* **WHAT THE TASK REQUIRES**
Using only the entries below, copy exactly the lines that begin at the one with "同学你好。A选项内容是基层员" and end at the one with "Package Includes: Carrying", both included. Drop the pictures.

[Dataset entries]
╭──

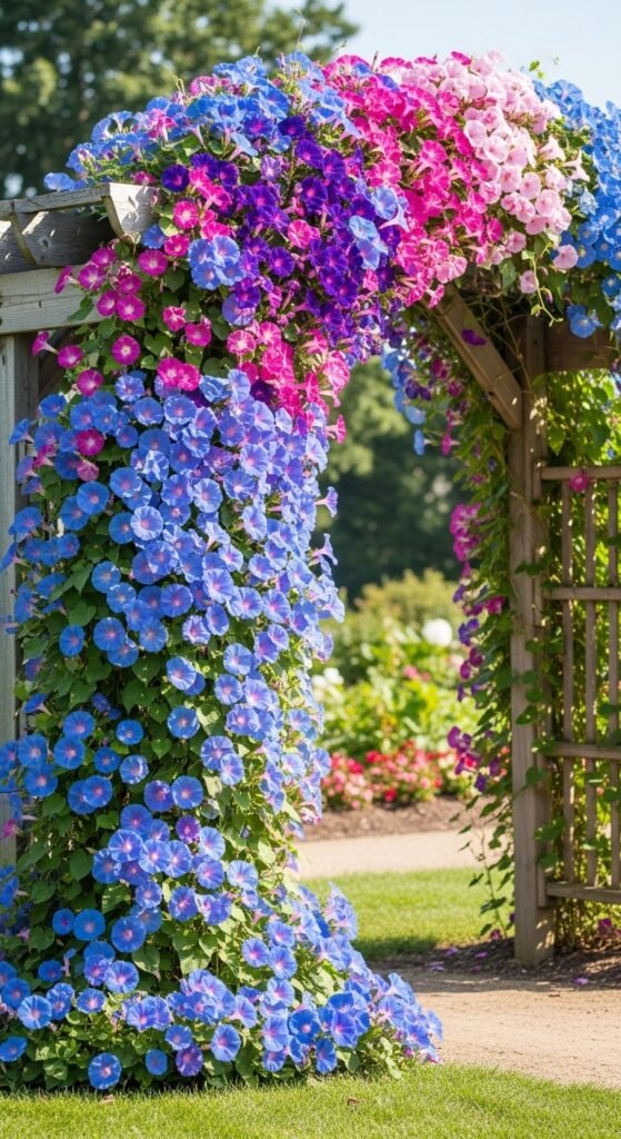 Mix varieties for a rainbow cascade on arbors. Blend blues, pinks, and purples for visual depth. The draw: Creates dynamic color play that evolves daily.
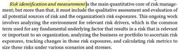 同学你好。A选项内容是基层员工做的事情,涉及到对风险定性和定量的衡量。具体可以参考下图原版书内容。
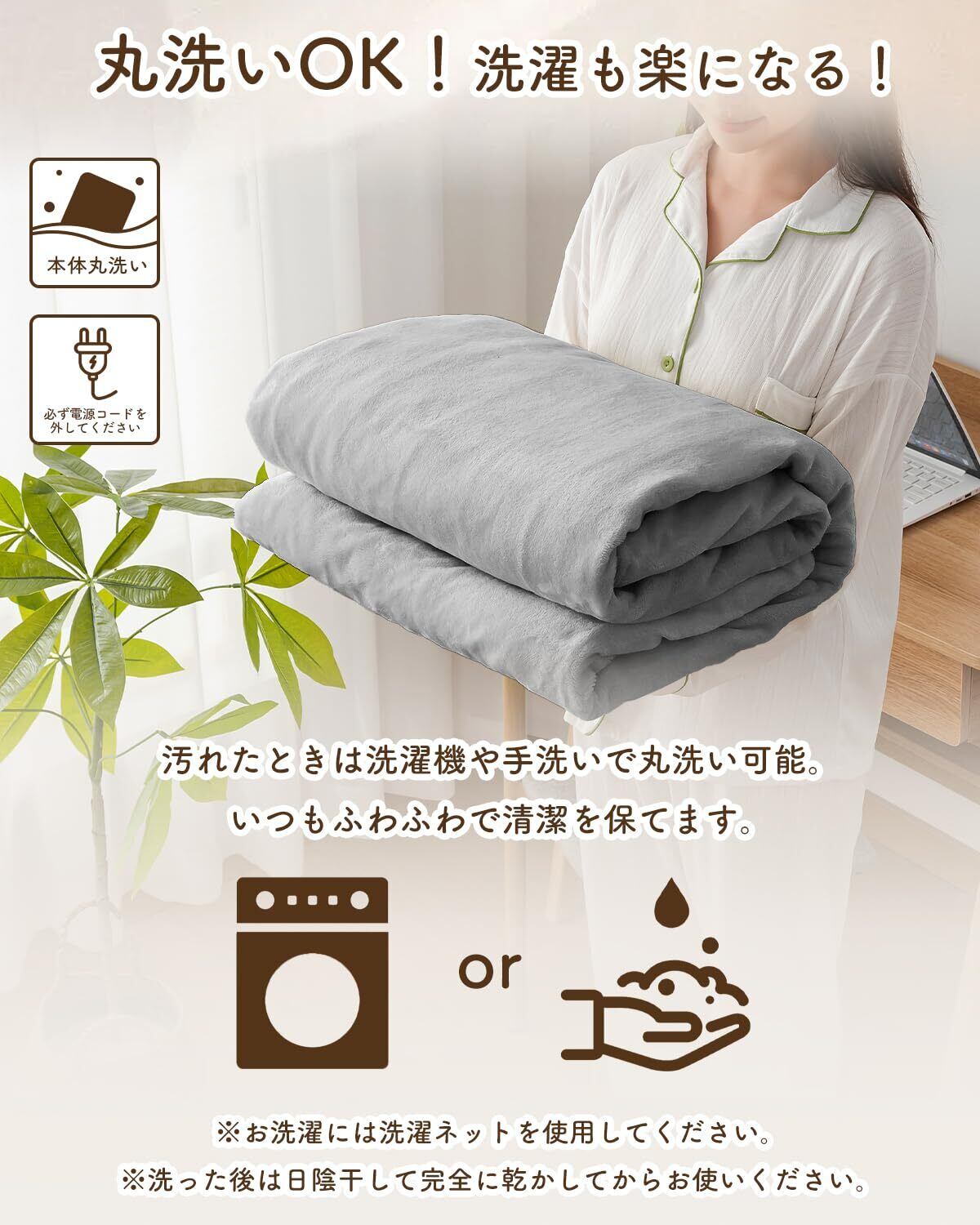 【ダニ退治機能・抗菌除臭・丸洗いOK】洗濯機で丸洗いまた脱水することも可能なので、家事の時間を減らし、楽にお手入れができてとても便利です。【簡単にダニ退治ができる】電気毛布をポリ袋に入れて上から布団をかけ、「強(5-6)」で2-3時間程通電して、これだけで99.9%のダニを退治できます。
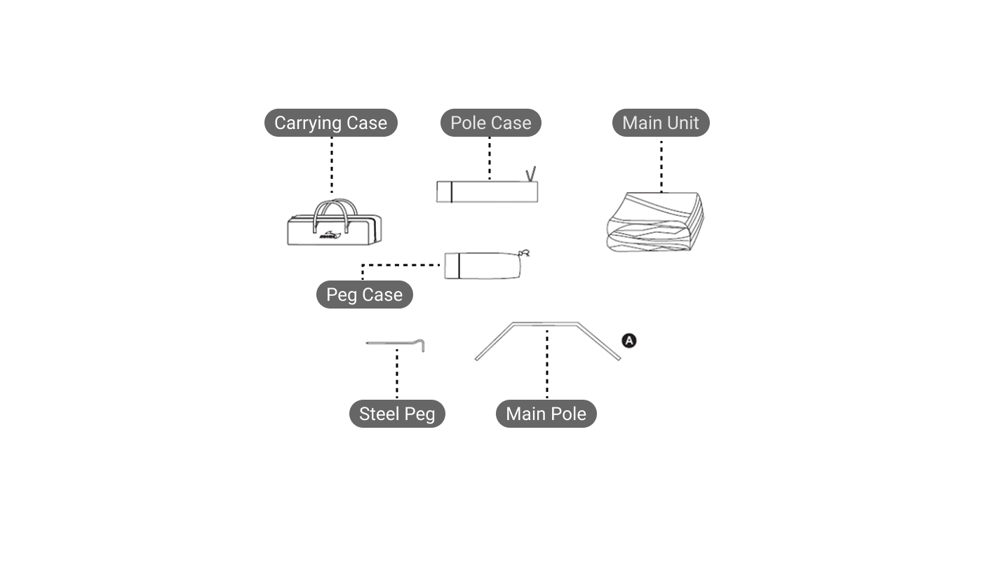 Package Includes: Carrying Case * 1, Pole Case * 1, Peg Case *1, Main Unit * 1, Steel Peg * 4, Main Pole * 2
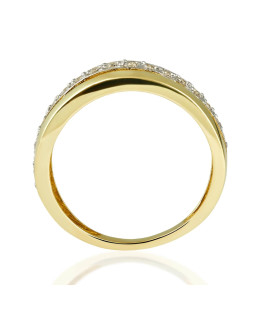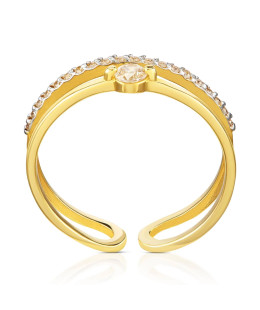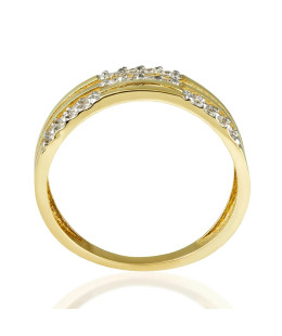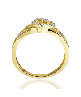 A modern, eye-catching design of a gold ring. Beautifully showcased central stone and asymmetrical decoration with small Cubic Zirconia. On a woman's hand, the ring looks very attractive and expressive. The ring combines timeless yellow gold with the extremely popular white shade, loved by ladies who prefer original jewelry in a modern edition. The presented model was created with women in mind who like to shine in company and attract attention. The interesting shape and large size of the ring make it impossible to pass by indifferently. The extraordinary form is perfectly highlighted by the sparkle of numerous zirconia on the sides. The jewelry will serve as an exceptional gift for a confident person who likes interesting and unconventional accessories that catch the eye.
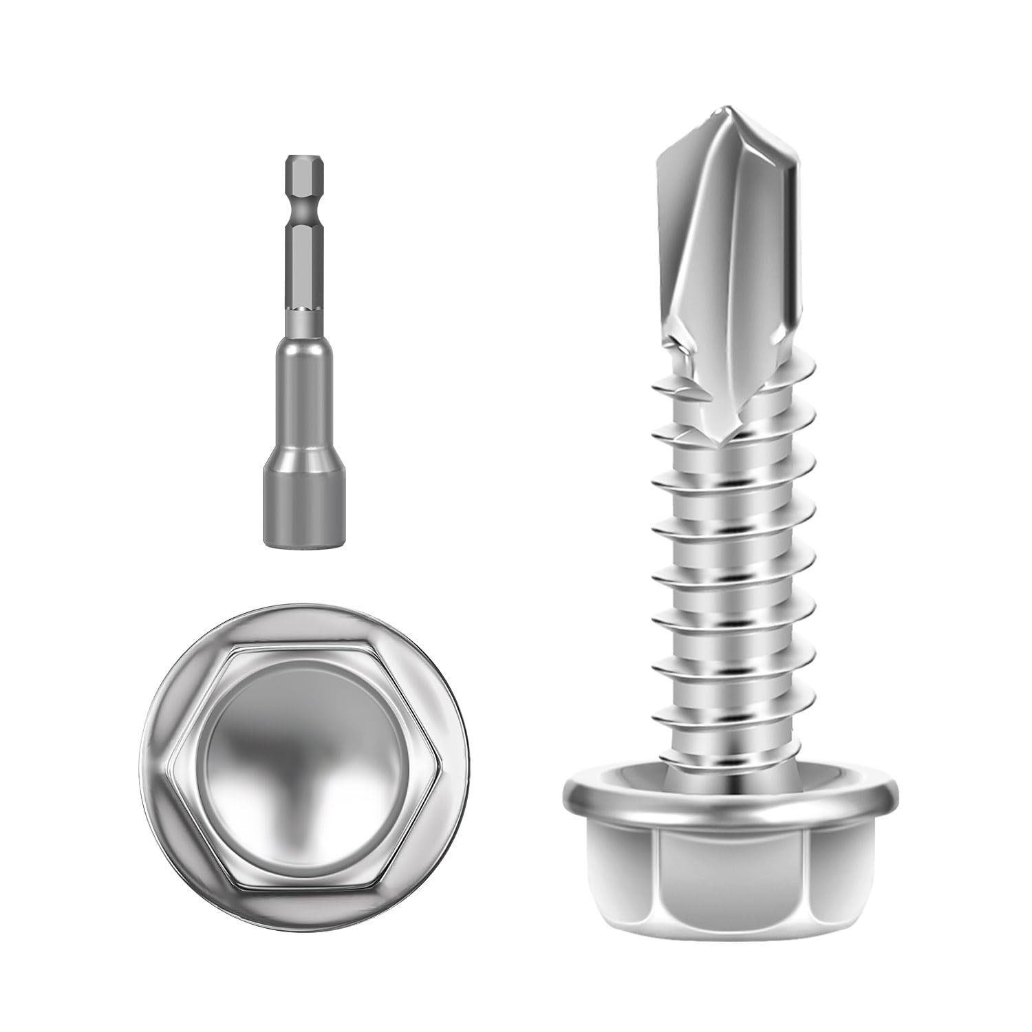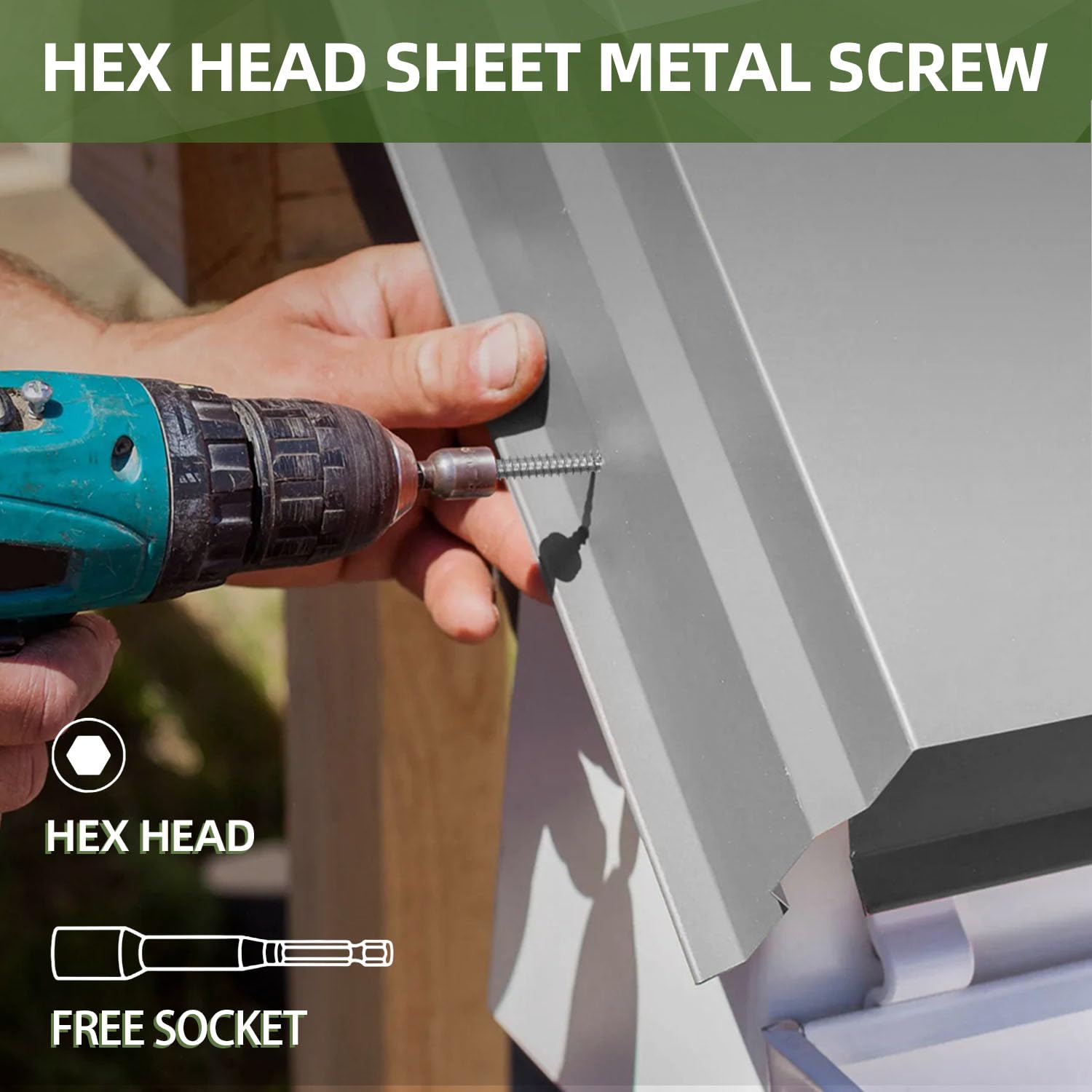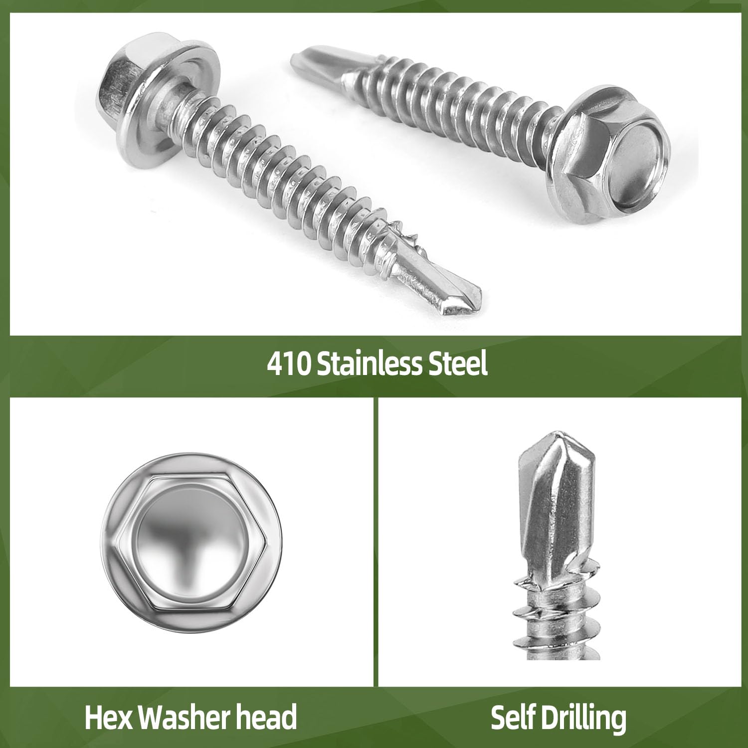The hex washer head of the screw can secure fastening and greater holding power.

╰──

* **OUTPUT BELOW**
 同学你好。A选项内容是基层员工做的事情,涉及到对风险定性和定量的衡量。具体可以参考下图原版书内容。
 【ダニ退治機能・抗菌除臭・丸洗いOK】洗濯機で丸洗いまた脱水することも可能なので、家事の時間を減らし、楽にお手入れができてとても便利です。【簡単にダニ退治ができる】電気毛布をポリ袋に入れて上から布団をかけ、「強(5-6)」で2-3時間程通電して、これだけで99.9%のダニを退治できます。
 Package Includes: Carrying Case * 1, Pole Case * 1, Peg Case *1, Main Unit * 1, Steel Peg * 4, Main Pole * 2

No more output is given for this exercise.